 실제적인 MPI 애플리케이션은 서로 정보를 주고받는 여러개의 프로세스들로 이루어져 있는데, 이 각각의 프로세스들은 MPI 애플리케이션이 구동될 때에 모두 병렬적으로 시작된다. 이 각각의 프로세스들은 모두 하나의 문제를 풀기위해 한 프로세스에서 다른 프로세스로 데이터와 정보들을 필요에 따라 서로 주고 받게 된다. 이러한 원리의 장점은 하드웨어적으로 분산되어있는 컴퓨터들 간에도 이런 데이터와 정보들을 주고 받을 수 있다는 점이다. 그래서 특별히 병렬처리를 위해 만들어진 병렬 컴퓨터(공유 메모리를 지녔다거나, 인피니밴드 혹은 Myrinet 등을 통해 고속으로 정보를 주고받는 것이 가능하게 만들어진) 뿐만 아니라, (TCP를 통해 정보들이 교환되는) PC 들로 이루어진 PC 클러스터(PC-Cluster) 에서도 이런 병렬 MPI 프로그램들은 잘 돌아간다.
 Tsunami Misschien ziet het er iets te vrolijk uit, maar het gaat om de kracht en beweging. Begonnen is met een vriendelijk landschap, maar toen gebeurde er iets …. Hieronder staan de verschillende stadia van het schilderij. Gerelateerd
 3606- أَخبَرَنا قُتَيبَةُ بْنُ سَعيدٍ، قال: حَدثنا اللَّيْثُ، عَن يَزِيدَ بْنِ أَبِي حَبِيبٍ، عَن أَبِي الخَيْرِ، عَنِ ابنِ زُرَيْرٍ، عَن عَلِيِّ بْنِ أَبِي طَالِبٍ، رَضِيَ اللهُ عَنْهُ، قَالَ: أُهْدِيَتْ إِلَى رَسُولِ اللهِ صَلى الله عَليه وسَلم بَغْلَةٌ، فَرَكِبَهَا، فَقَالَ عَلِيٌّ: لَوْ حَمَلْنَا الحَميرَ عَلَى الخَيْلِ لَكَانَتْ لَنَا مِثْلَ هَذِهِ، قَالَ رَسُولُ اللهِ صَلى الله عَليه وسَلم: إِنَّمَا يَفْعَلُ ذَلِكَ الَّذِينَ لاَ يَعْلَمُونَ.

────────────────

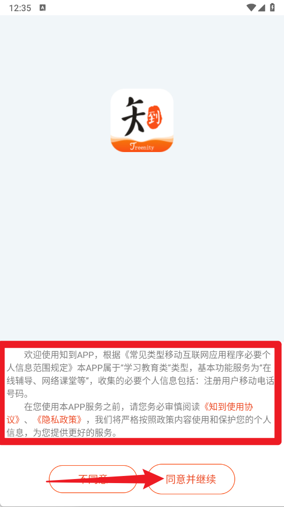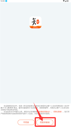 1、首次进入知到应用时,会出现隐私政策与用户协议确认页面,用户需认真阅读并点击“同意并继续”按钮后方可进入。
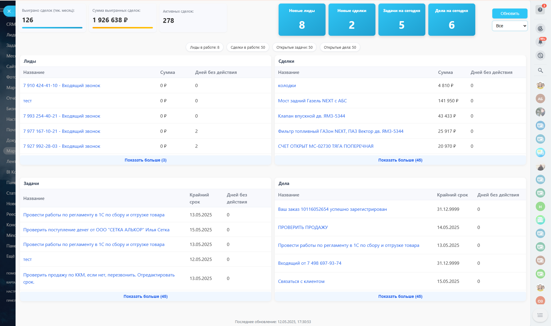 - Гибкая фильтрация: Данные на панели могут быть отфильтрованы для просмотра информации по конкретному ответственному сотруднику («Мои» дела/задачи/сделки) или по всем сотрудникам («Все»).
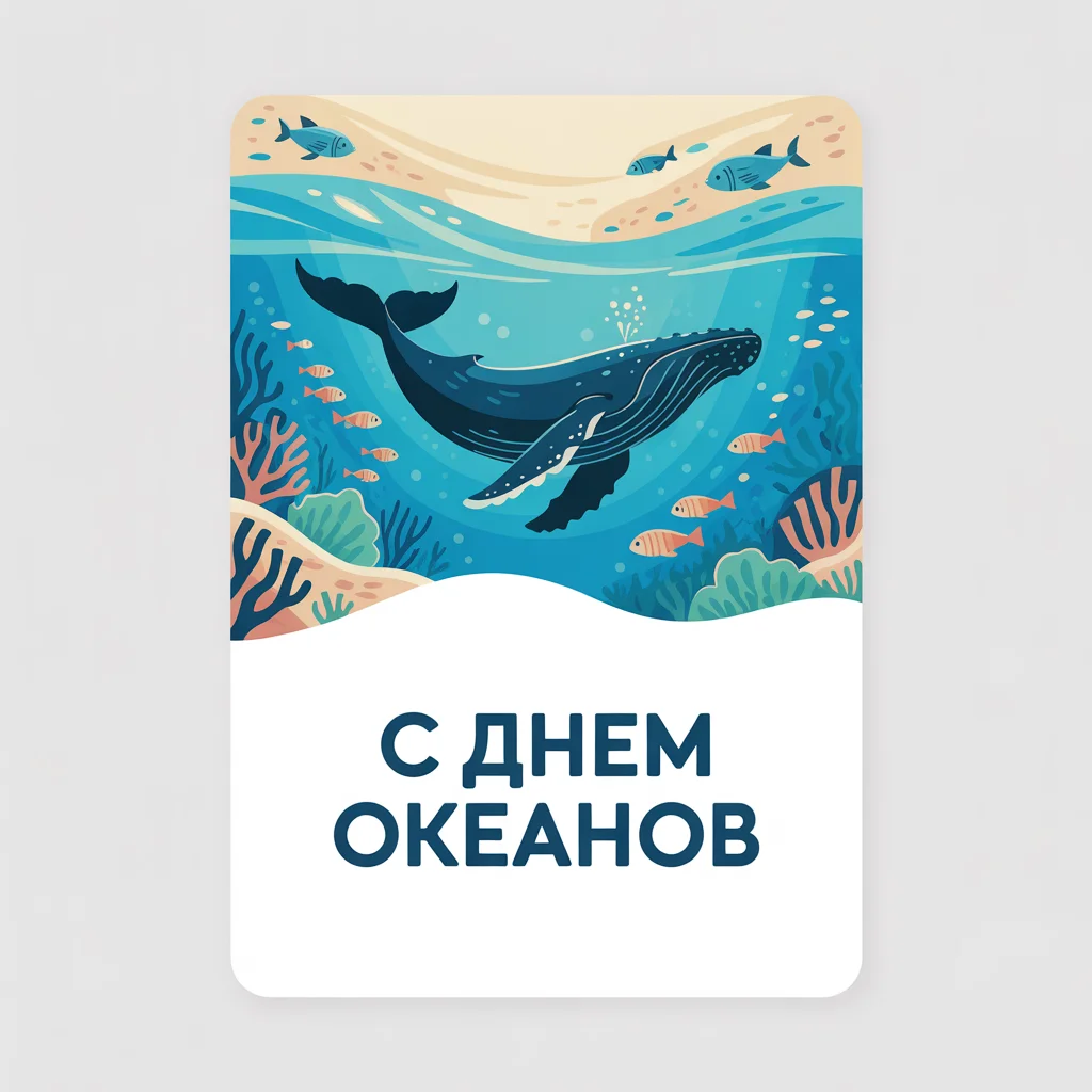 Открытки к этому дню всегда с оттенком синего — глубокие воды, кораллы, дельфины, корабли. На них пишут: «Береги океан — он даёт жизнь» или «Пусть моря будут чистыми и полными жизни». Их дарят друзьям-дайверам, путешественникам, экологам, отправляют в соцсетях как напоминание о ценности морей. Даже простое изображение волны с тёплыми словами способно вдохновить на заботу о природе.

────────────────

* [What the task asks] Each line above from the one containing "- Гибкая фильтрация: Данные" through the one containing "Открытки к этому" is to be returned verbatim. Nothing else, and no pictures.

* [Exercise answer]
 - Гибкая фильтрация: Данные на панели могут быть отфильтрованы для просмотра информации по конкретному ответственному сотруднику («Мои» дела/задачи/сделки) или по всем сотрудникам («Все»).
 Открытки к этому дню всегда с оттенком синего — глубокие воды, кораллы, дельфины, корабли. На них пишут: «Береги океан — он даёт жизнь» или «Пусть моря будут чистыми и полными жизни». Их дарят друзьям-дайверам, путешественникам, экологам, отправляют в соцсетях как напоминание о ценности морей. Даже простое изображение волны с тёплыми словами способно вдохновить на заботу о природе.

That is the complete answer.